Every way of working has its challenges

The lesson of Covid: no one size fits all.

Woman with disabilities working from home

 

There have been a lot of surveys in the last few years on the various implications of Covid-19. Many of them contradict each other, based on what the question was and what the organisation conducting the survey’s bias was.

There are also lots of conflicting things going on at the same time and different people are contending with a range of different circumstances. Some people have found working from home horribly isolating, depending on their home set-up or their personality, and even dangerous in the case of domestic violence. Others have found it liberating and that it has given them more time with the people they want to spend time with. Some have found they have piled on weight, not done as much exercise, that their mental and physical health has deteriorated, while others find it has given them more time to connect with people around them, to go out for runs or walks and to escape the stress of commuting. I know some young people who had mental health problems in the past who felt better as a result of Covid because they were not exposed to the relentless social pressure of school. You cannot assume anything.

A survey out in the last few days is, however, interesting. It shows that employers who offer remote or hybrid working have found it easier to recruit people. Employers with staff working 100% remotely were three times more likely to report having found it easier than usual to hire new employees over the past year, when compared to employers with staff working 100% onsite at their workplace. That’s quite a big difference, particularly when there are so many vacancies.

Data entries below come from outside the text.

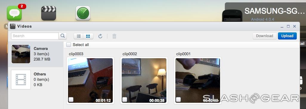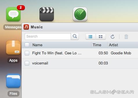 While you're able to access quite a few different phone-based app connections from this interface, it's by no means top-to-bottom comprehensive at the moment. You can make a phone call, send an email, read your email, play music, look at your photos, and browse your files. Send text messages, and browse the movies on your phone. There's no movie player on this system, so you're limited to downloading and uploading files to your desktop's own file system to view the videos, but you can see one-frame previews so you know what you're getting.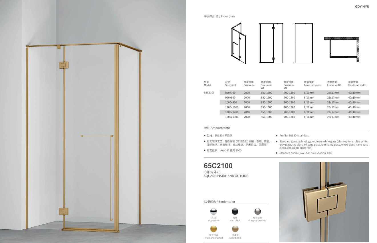 In summary, the 65C2100 square shower enclosure is engineered to deliver a blend of stylish aesthetics and functional performance. Meticulously designed for those who value form and function equally, it elevates the ordinary bathroom into a serene and sophisticated personal spa.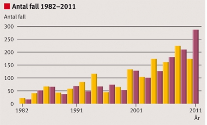Under 2011 utvecklade 287 personer i Sverige sjukdomen TBE, fästingöverförd encefalit, efter att ha blivit fästingbitna. Det är den högsta TBE-incidensen under något enskilt år som hittills registrerats av Smittskyddsinstitutet (Figur 1). Även Tyskland, Österrike och Finland hade osedvanligt många TBE-fall under 2011 [1-4].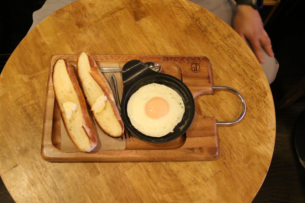 아침 토스트는 바게트 빵 두 조각에 계란 프라이를 곁들여서 팔고 있어요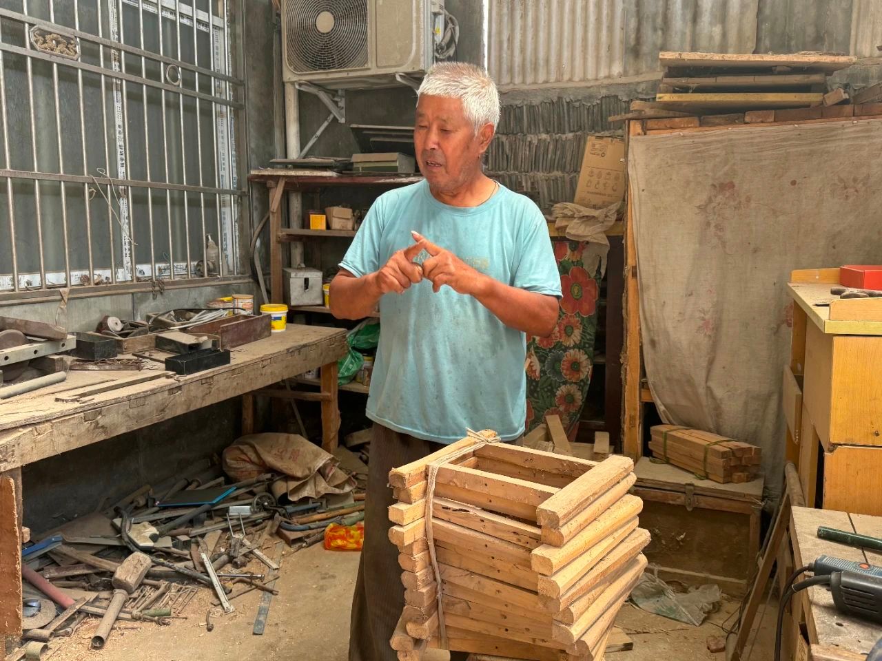 这位 80 岁的老木匠从事木匠行业已有六十余载,一手精湛的木匠手艺在当地小有名气。走进老木匠的木工房,一股淡淡的木头清香扑面而来,房间里整齐地摆放着各种刨子、凿子、锯子等工具,每一件都透着岁月的痕迹。老木匠虽然年事已高,但精神矍铄,谈起自己的手艺,眼中闪烁着光芒。老匠人说:“我这一辈子,就跟木头打交道了。从年轻时候起,就跟着师傅学手艺,那时候啥都不懂,就知道闷头干。现在老喽,眼睛花了,手也没那么稳了,可只要还能动弹,就舍不得放下这手艺。这每一块木头,都有它自己的性子,得顺着它来,才能做出好物件”。

However, the survey also shows that retention is lower for those who are open to remote or hybrid working with those who have people 100% on site less likely to struggle. It could, of course, be too early to make any conclusions from any of this, given hybrid working for one is very much in its infancy as an overall workforce strategy. However, there are clearly difficulties to address in creating any sense of work culture and belonging when you don’t meet up with your colleagues and chat about everyday stuff. It is that social stuff that many people miss, although it can be the social stuff in the form of office politics that puts others off.  You may, of course, be someone who doesn’t need the social side of work. You may have enough going on at home – as many parents do.

There are challenges with all forms of working, but where there are challenges there can be innovation. That doesn’t mean overloading workers with yet more channels of communication. I know people who worked from home before Covid and were not included in meetings. Out of sight out of mind. All attempts at visibility were down to them. Career progression was slow, if it happened at all. That surely has to change. We cannot enable different ways of working for different people’s needs and entrench an in-the-office hierarchy because some managers, perhaps understandably, prefer to have people around them.

It’s easy, however, to let things drift and for that to become the norm. Managers need to be aware of the dangers and to ensure remote employees are not left out of the loop. That means asking them what they think. I have worked remotely for a number of years and have developed strong bonds and loyalty towards colleagues, even though I have only seen them on a handful of occasions in the last few years – particularly not in the last two years.  Much stronger bonds than I had at my last full-time office job, which I would describe as a mentally unsafe place to be by the end of my time there. I don’t miss it one bit. That sense of loyalty and shared endeavour is definitely a strong retention factor. Everyone’s experience of working is different. The important thing, surely, is that it is equally valued.